• **Exercise**: Emit the data below verbatim, stripping out any pictures.

• **Material for the task**:
__________________________________________________
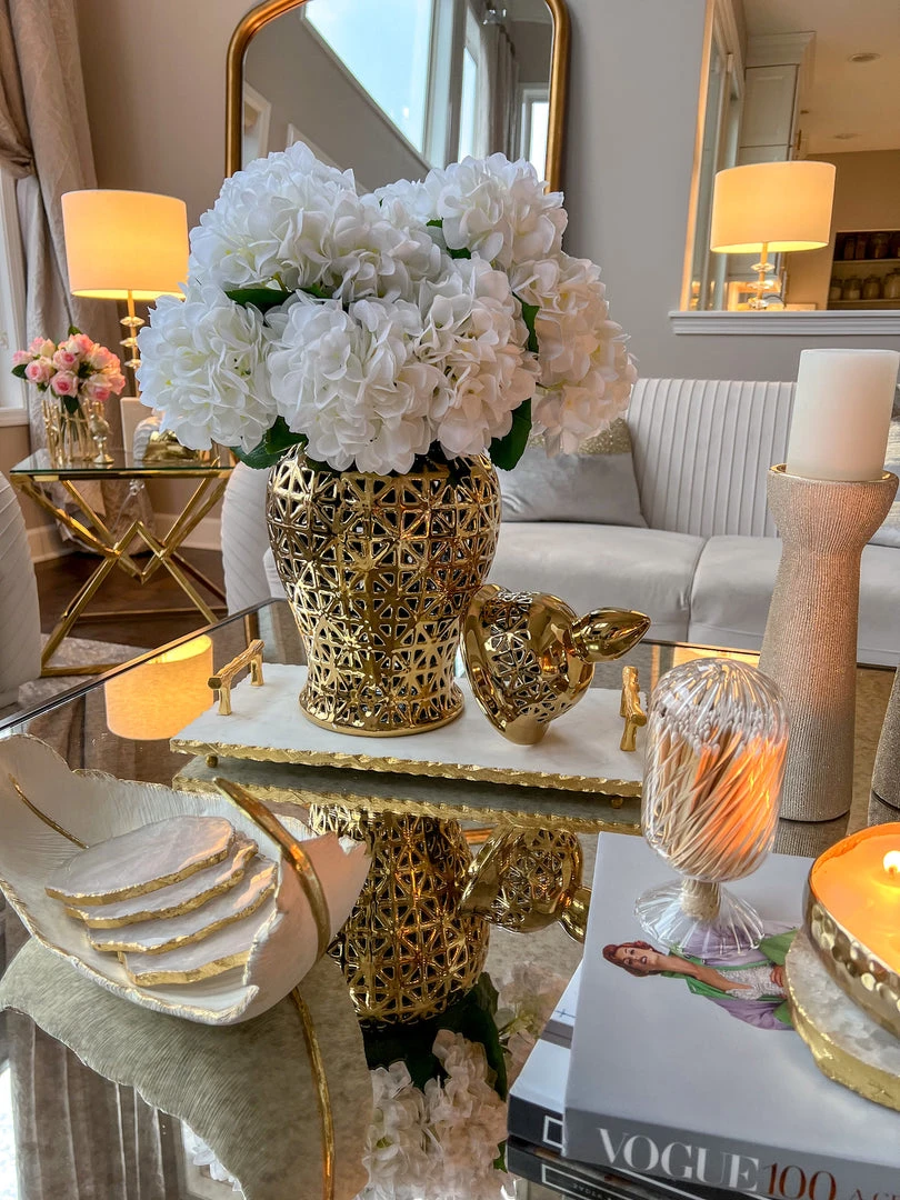 Description: These real quartz coasters have a beautiful distressed gold detail that will add an elegant touch to any surface in your home! They are very large and substantial and are great to layer with trays or candles!
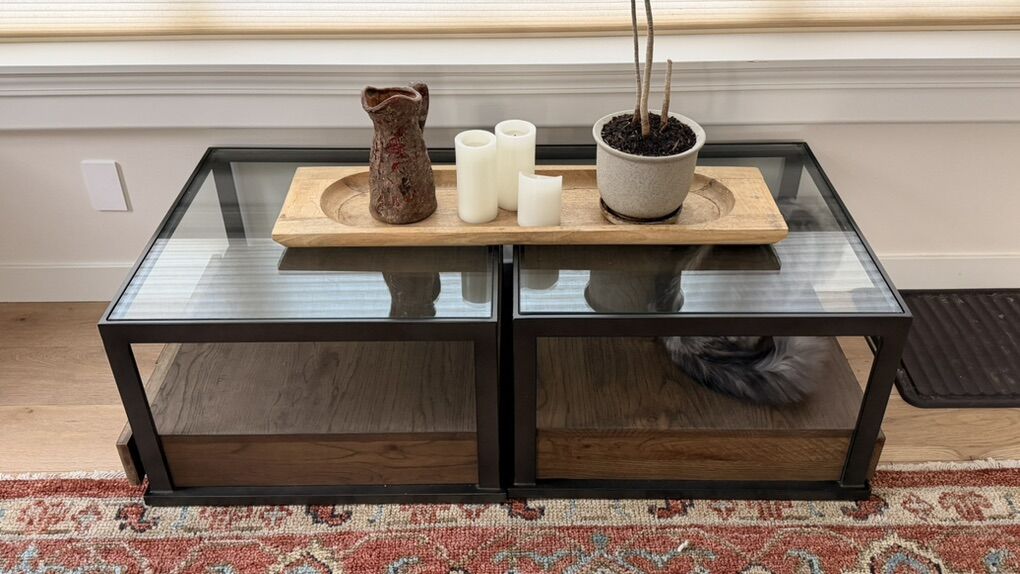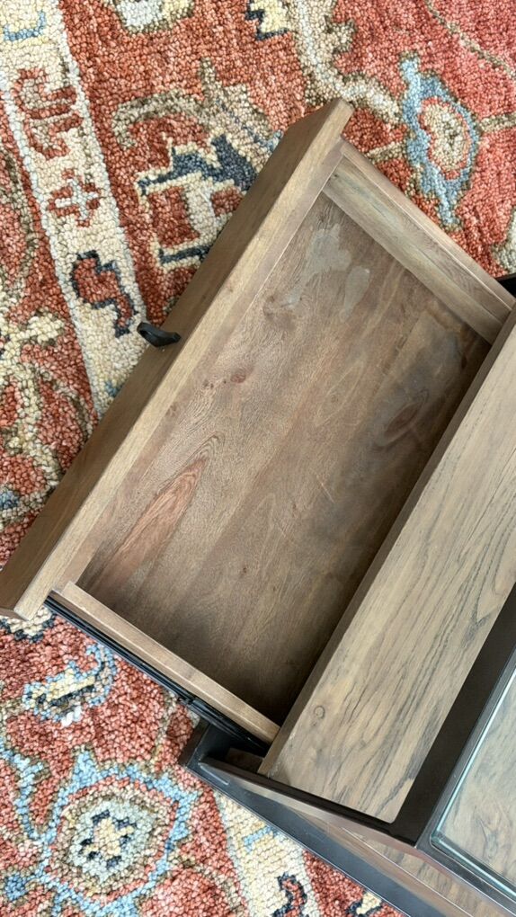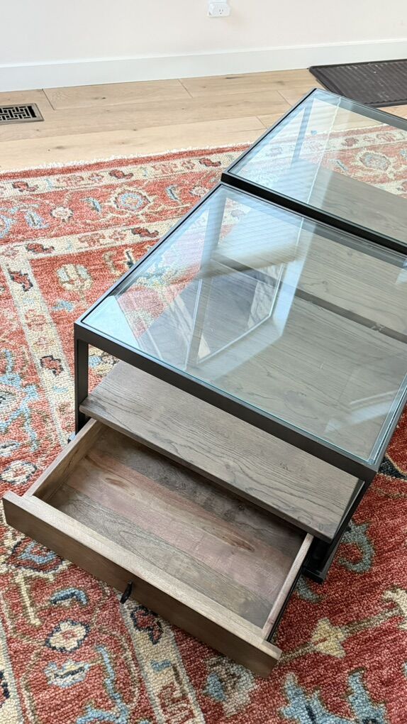 VenmoBeautiful, well-made solid wood tables with metal framing and glass tops. These have been used together as a coffee table, but they are modular and can easily be separated and used as two matching end tables.
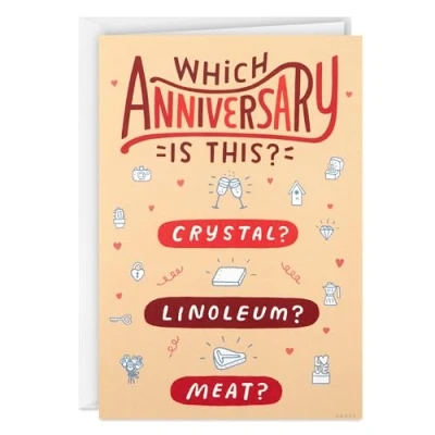 Make your favorite couple laugh on their anniversary with this funny card from Shoebox Cover features cute cartoons and red lettering that reads "Which anniversary is this? Bronze? Crystal? Linoleum?" Inside reads: "Whichever one it is, hope it's a happy one!" Perfect for married friends, adult children or grandchildren, or parents Funny greeting card measures approximately 5" x 7.2" and comes with coordinating envelope; Crafted from high-quality paper materials, Hallmark's greeting cards are made with paper from well-managed forests Shoebox greeting cards are the perfect way to make someone laugh out loud. These edgy, irreverent takes on life are surprising, hilarious, often inappropriate and always timely.
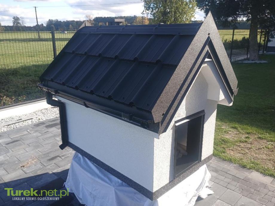 Witam. Sprzedam wyjątkowa budę dla psa. Buda wzorowana jest na nowoczesnym stylu budownictwa domów i ich trendów zrobiona z wysokiej jakości materiałów. Wymiary budy: Zewnętrzne Wysokość 133 szerokość 125 długość 130 Wewnętrzne Wysokość 90 szerokość 63 długość 100 Otwór wejściowy szerokość 34 wysokość 43 Konstrukcja budy z kantówki drewnianej Obicie płyta osb Całość poskręcana na wkręty ciesielskie i kątowniki metalowe Podłoga posiada nóżki plastikowe a także jest ocieplona styropianem podłogowym 5cm (styropian swissporn 036) Ściany docieplone styropianem podłogowym 5cm(swissporn 036) Podbitka dachowa styropianowa najnowszy design elewacji.(Styropian 4cm) Docieplenie: klej z siatką ,klej,podkład gruntujący,tynk ozodbny Elewacja zrobiona w kolorze białym Położony tynk silikonowy Cokół : tynk mozaikowy Wejście budy obrobione obróbka blacharska(PurMax kolor czarny Pruszyński) Dach: membrana,kontrłata,deska calowa,obróbki blacharskie blachodachówka rynna Blachodachówka FIORD Blachy Pruszyński w kolorze czarnym powłoka Topmat Obróbki blacharskie blachy Pruszyński Topmat czerń Rynna dachowa 75 bryza (cell fast) czerń Środek budy obłożony płyta MDF 0,4 w kolorze białym Zamontowano lampy solarne aby podświetlały całość elewacji. Całość zrobiona zgodnie ze sztuką budowlaną i z bardzo dobrych materiałów jest to indywidualny projekt robiony w całości przeze mnie .Buda prezentuje się na żywo znakomicie jeśli chcesz się wyróżnić i mieć coś indywidualnego zapraszam do kontaktu i zakupu. Pozdrawiam i polecam.
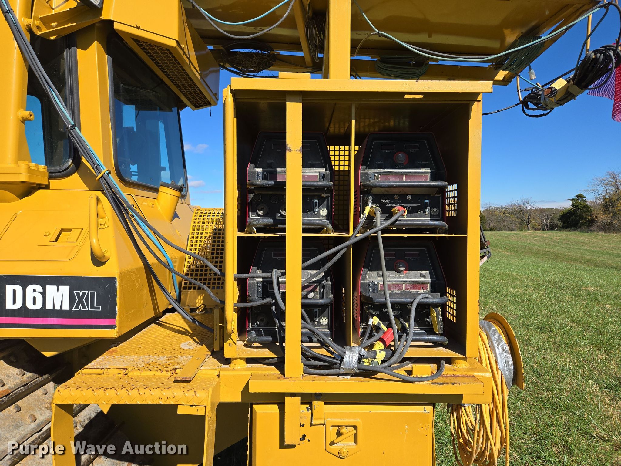 2002 Caterpillar D6M XL tack rig. Hours: 10,383 on meter, Serial: CAT00D6ML3WN03016. Engine Caterpillar 3116, Serial: 3WN03019, Displacement: 6.6L, Cylinders: 6, Fuel type: Diesel. Transmission Powershift, 3F - 3R. Operators station Enclosed cab, AC, Heat, Steering: Fingertip control. Features Boom 2008 IMT 6/45, Serial: 621578, Extendable, Platform 10' L x 4' W, Air compressor Baldor electric motor, Volts: 208-230/460, (4) Lincoln Invertec welders Leads. Tracks Width: 24", Grouser pads: Single, Bottom rollers: 7, Track guards. Odessa, MO 64076
__________________________________________________
• **Reply to the task**:
 Description: These real quartz coasters have a beautiful distressed gold detail that will add an elegant touch to any surface in your home! They are very large and substantial and are great to layer with trays or candles!
 VenmoBeautiful, well-made solid wood tables with metal framing and glass tops. These have been used together as a coffee table, but they are modular and can easily be separated and used as two matching end tables.
 Make your favorite couple laugh on their anniversary with this funny card from Shoebox Cover features cute cartoons and red lettering that reads "Which anniversary is this? Bronze? Crystal? Linoleum?" Inside reads: "Whichever one it is, hope it's a happy one!" Perfect for married friends, adult children or grandchildren, or parents Funny greeting card measures approximately 5" x 7.2" and comes with coordinating envelope; Crafted from high-quality paper materials, Hallmark's greeting cards are made with paper from well-managed forests Shoebox greeting cards are the perfect way to make someone laugh out loud. These edgy, irreverent takes on life are surprising, hilarious, often inappropriate and always timely.
 Witam. Sprzedam wyjątkowa budę dla psa. Buda wzorowana jest na nowoczesnym stylu budownictwa domów i ich trendów zrobiona z wysokiej jakości materiałów. Wymiary budy: Zewnętrzne Wysokość 133 szerokość 125 długość 130 Wewnętrzne Wysokość 90 szerokość 63 długość 100 Otwór wejściowy szerokość 34 wysokość 43 Konstrukcja budy z kantówki drewnianej Obicie płyta osb Całość poskręcana na wkręty ciesielskie i kątowniki metalowe Podłoga posiada nóżki plastikowe a także jest ocieplona styropianem podłogowym 5cm (styropian swissporn 036) Ściany docieplone styropianem podłogowym 5cm(swissporn 036) Podbitka dachowa styropianowa najnowszy design elewacji.(Styropian 4cm) Docieplenie: klej z siatką ,klej,podkład gruntujący,tynk ozodbny Elewacja zrobiona w kolorze białym Położony tynk silikonowy Cokół : tynk mozaikowy Wejście budy obrobione obróbka blacharska(PurMax kolor czarny Pruszyński) Dach: membrana,kontrłata,deska calowa,obróbki blacharskie blachodachówka rynna Blachodachówka FIORD Blachy Pruszyński w kolorze czarnym powłoka Topmat Obróbki blacharskie blachy Pruszyński Topmat czerń Rynna dachowa 75 bryza (cell fast) czerń Środek budy obłożony płyta MDF 0,4 w kolorze białym Zamontowano lampy solarne aby podświetlały całość elewacji. Całość zrobiona zgodnie ze sztuką budowlaną i z bardzo dobrych materiałów jest to indywidualny projekt robiony w całości przeze mnie .Buda prezentuje się na żywo znakomicie jeśli chcesz się wyróżnić i mieć coś indywidualnego zapraszam do kontaktu i zakupu. Pozdrawiam i polecam.
 2002 Caterpillar D6M XL tack rig. Hours: 10,383 on meter, Serial: CAT00D6ML3WN03016. Engine Caterpillar 3116, Serial: 3WN03019, Displacement: 6.6L, Cylinders: 6, Fuel type: Diesel. Transmission Powershift, 3F - 3R. Operators station Enclosed cab, AC, Heat, Steering: Fingertip control. Features Boom 2008 IMT 6/45, Serial: 621578, Extendable, Platform 10' L x 4' W, Air compressor Baldor electric motor, Volts: 208-230/460, (4) Lincoln Invertec welders Leads. Tracks Width: 24", Grouser pads: Single, Bottom rollers: 7, Track guards. Odessa, MO 64076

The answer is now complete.